▶ Assignment:
Using the listing below, retype exactly the lines starting at the one with "這個頻率下的電源紋波會增加而" and ending at the one with "يتم تثبيت الستار", and include both.

▶ Supplied records:
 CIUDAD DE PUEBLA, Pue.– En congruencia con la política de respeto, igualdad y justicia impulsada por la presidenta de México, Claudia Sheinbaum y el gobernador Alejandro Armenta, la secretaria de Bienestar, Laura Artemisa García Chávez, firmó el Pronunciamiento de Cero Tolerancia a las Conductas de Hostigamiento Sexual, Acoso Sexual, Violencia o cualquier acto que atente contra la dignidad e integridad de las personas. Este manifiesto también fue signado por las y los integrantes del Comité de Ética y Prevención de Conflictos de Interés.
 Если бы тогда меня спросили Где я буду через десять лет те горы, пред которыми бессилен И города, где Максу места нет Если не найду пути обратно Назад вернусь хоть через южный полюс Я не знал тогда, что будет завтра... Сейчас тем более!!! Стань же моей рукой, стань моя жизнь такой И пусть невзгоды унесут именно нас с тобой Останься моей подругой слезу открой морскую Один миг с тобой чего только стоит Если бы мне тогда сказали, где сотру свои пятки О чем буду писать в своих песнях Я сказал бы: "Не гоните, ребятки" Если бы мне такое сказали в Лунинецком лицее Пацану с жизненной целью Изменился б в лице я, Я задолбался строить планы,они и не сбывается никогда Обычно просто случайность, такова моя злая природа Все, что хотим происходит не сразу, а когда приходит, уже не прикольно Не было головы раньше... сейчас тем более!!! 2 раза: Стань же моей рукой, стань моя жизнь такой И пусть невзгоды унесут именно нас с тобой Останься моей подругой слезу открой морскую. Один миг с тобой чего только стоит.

==

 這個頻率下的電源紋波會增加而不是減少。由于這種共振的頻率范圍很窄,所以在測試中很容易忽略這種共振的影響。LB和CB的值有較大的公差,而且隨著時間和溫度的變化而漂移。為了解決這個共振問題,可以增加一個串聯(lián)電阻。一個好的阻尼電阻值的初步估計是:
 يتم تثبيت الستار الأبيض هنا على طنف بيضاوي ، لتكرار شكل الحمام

* * *

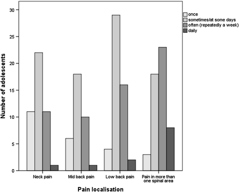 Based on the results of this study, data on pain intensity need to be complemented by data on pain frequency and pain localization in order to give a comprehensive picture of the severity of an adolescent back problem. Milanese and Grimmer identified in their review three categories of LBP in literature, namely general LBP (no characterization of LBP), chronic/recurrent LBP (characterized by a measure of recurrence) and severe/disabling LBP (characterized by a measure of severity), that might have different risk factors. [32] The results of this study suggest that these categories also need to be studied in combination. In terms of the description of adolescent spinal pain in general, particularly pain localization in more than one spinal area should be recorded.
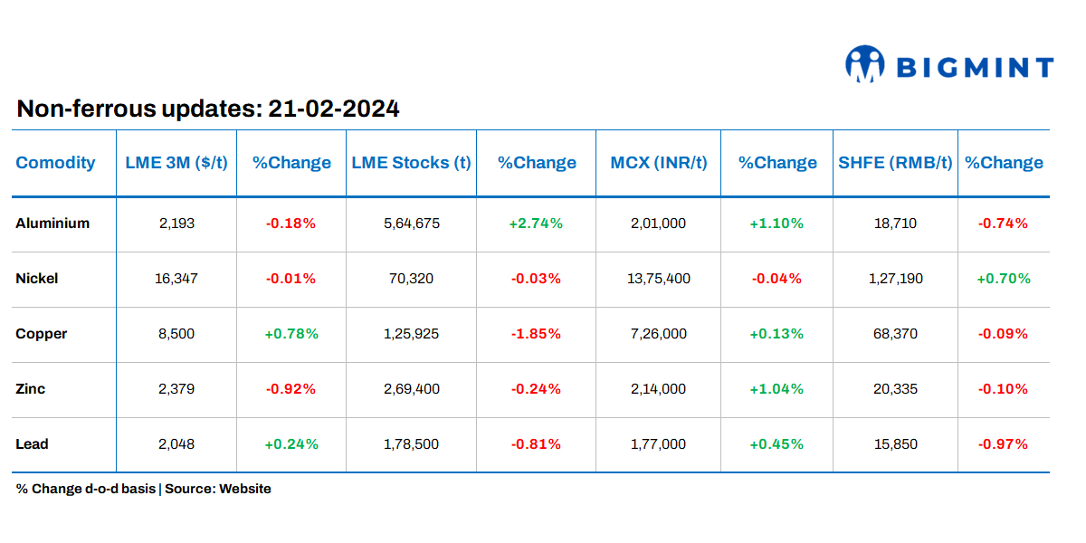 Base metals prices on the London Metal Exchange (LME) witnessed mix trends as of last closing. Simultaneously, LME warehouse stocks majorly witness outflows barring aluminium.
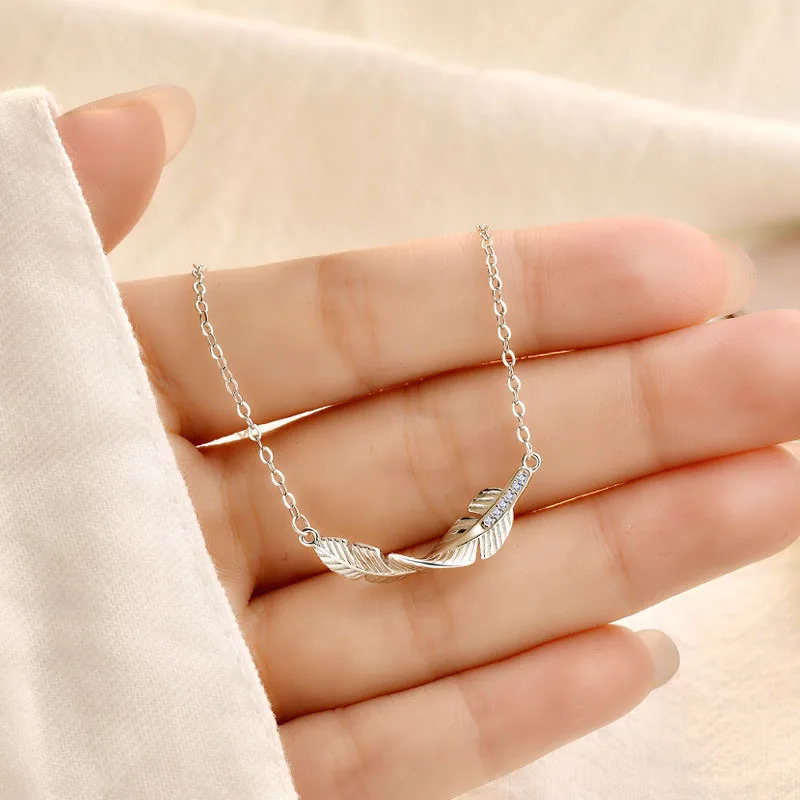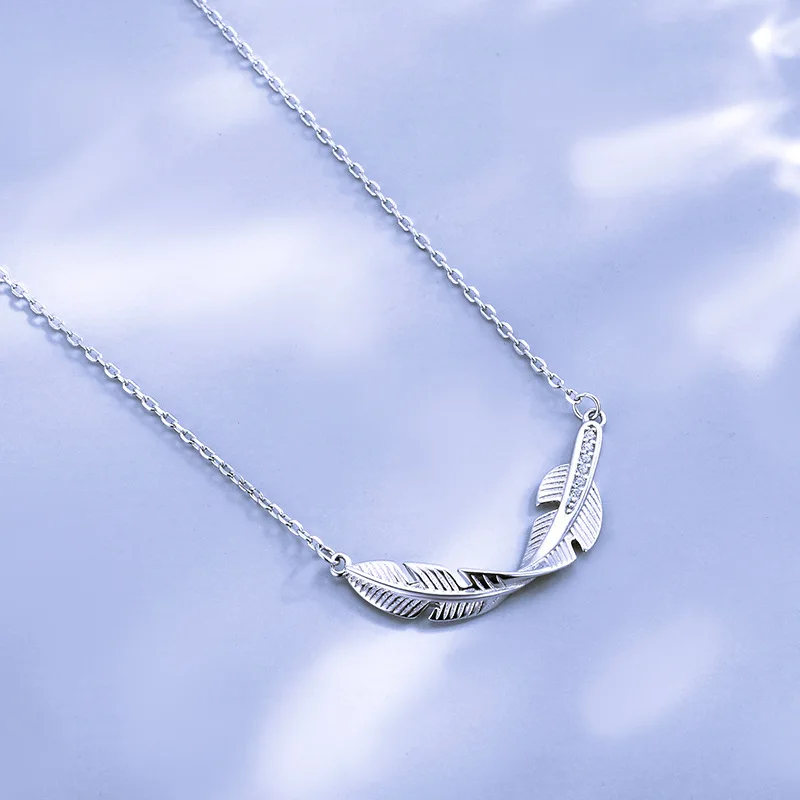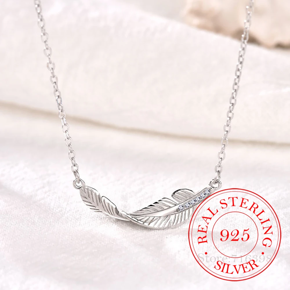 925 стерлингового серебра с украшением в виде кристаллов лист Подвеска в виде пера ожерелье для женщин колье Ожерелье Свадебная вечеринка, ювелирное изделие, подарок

▶ Your response:
 這個頻率下的電源紋波會增加而不是減少。由于這種共振的頻率范圍很窄,所以在測試中很容易忽略這種共振的影響。LB和CB的值有較大的公差,而且隨著時間和溫度的變化而漂移。為了解決這個共振問題,可以增加一個串聯(lián)電阻。一個好的阻尼電阻值的初步估計是:
 يتم تثبيت الستار الأبيض هنا على طنف بيضاوي ، لتكرار شكل الحمام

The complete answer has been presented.